At this juncture, we’d typically riff on the new values of public neoinsurance companies and use that data to work our way into a guess concerning what the price declines might mean for related startups. Taking public-market data and using it to better understand private markets is pretty much the national pastime of this column.

Not today. Instead, we’re going to look into an interesting dynamic among neoinsurance companies that may matter a bit more for our comprehension of the private markets. Namely that the players in the space that we can name and track are generally cash-rich and market-sentiment poor.

Public markets are cutting the value of neoinsurance stocks, but the companies behind the valuation declines are rather wealthy. This makes their enterprise values smaller than you might guess from a quick glance at their market cap figures. But do Lemonade or Hippo really care if the stock market decides from one quarter to the next that their businesses are worth plus or minus 10%? Do they have enough cash to pursue their long-term visions, regardless?

Let’s unpack all the numbers, discuss an interview The Exchange held with Hippo CEO Assaf Wand earlier in the week and consider what Lemonade had to say during its earnings call.

Sure, it’s not great news for neoinsurance startups that their public comps are in choppy waters. But for the public companies themselves, it may be a time to put both middle fingers in the air and stick to the plan rather than fret about what the analyst class is worried about.

Lots of cash, little love

Lemonade went public in July 2020, posting big gains and generally warming the waters for future neoinsurance public debuts, and Root went public that October. MetroMile announced its SPAC combination in November 2020, and Hippo announced its own SPAC deal in March 2021.

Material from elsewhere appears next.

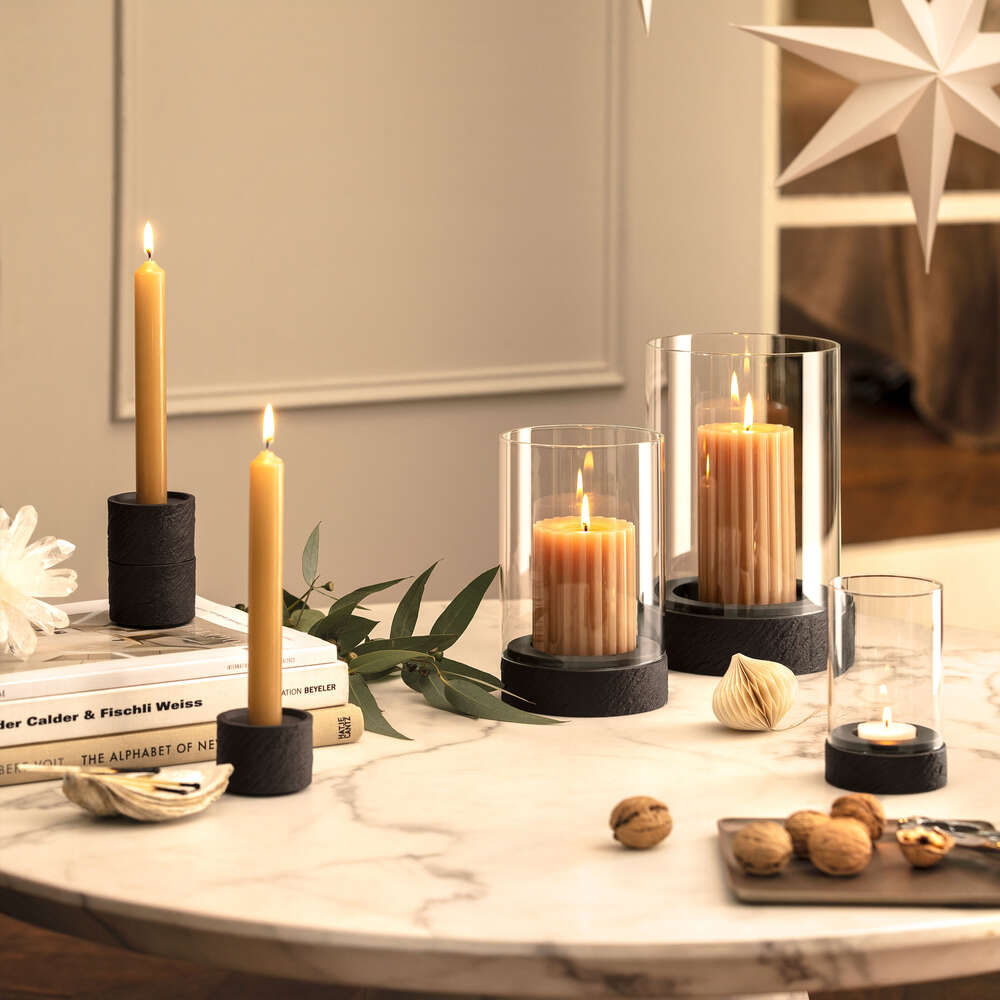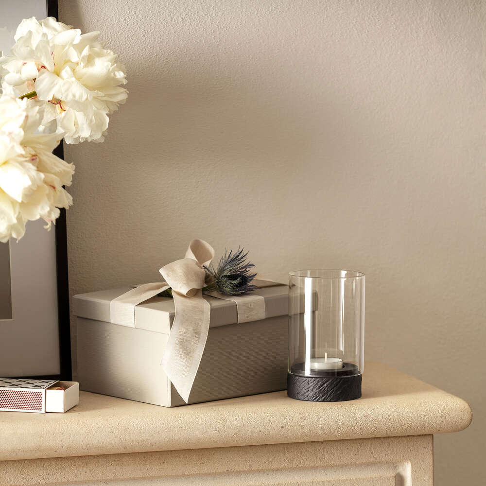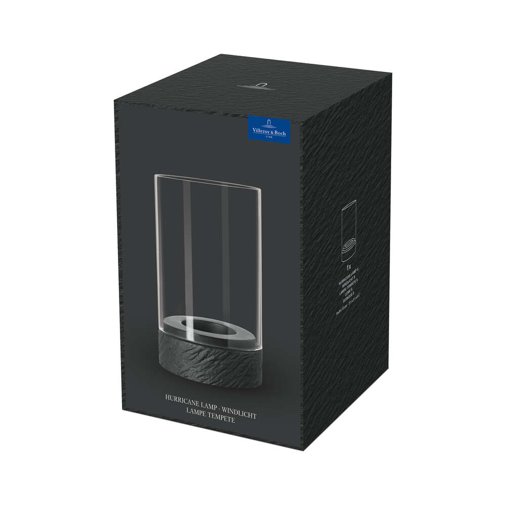The hurricane lamp in the Manufacture Rock collection will bathe your home in warm light and conveys the fascination with the elements of earth and fire that has permeated from ancient times to the present day. The puristic design and the contrast of the authentic slate look and delicate glass will make the hurricane lamp a very eye-catching feature on your beautifully presented table. Also makes a perfect gift! Enjoy exclusive design in your home – with the Manufacture Rock collection from Villeroy & Boch

Recall that Lemonade is focused on rental insurance with an expanding line of products, while Root and MetroMile sell auto insurance. Hippo’s main business is home coverage, though it is also expanding its product mix over time.

Here’s where the four companies stand compared to their 52-week highs (calculated from yesterday’s close):

  • Lemonade: -57%
  • Root: -76%
  • MetroMile: -66%
  • Hippo: -47%

That Hippo number is a little bit bullshit; its highs were set early in the year when SPACs were trading at a premium to their IPO price. More realistically, Hippo is off 20% from its combination price.

Still, it’s a pretty awful set of numbers. Investors are either betting that growth at neoinsurance companies will prove weaker than they initially anticipated, or revenue quality will take longer to mature, or both. It’s not a strong endorsement of the individual companies — or their collective efforts to reform the insurance market through tech and consumer-friendly apps.

But observe the companies’ most recently known cash balances, and, where we have it, their most recent quarter’s operating cash burn:

  • Lemonade: Cash and equivalents of $1.2 billion, Q2 operating cash burn of $56.5 million [source]
  • Root: Cash and equivalents of $1.1 billion, Q1 operating cash burn of $90.9 million [source]
  • MetroMile: Cash and equivalents of $221.5 million, Q1 operating cash burn of $29.4 million [source]
  • Hippo: Cash of around $1 billion per the company, Q1 operating cash burn $15.5 million [source]

So, Lemonade has north of five years of cash at its current operating burn rate. Root has three years. MetroMile just under two. And Hippo has basically forever, though we had to cobble together its numbers and we’ll know better when it reports earnings.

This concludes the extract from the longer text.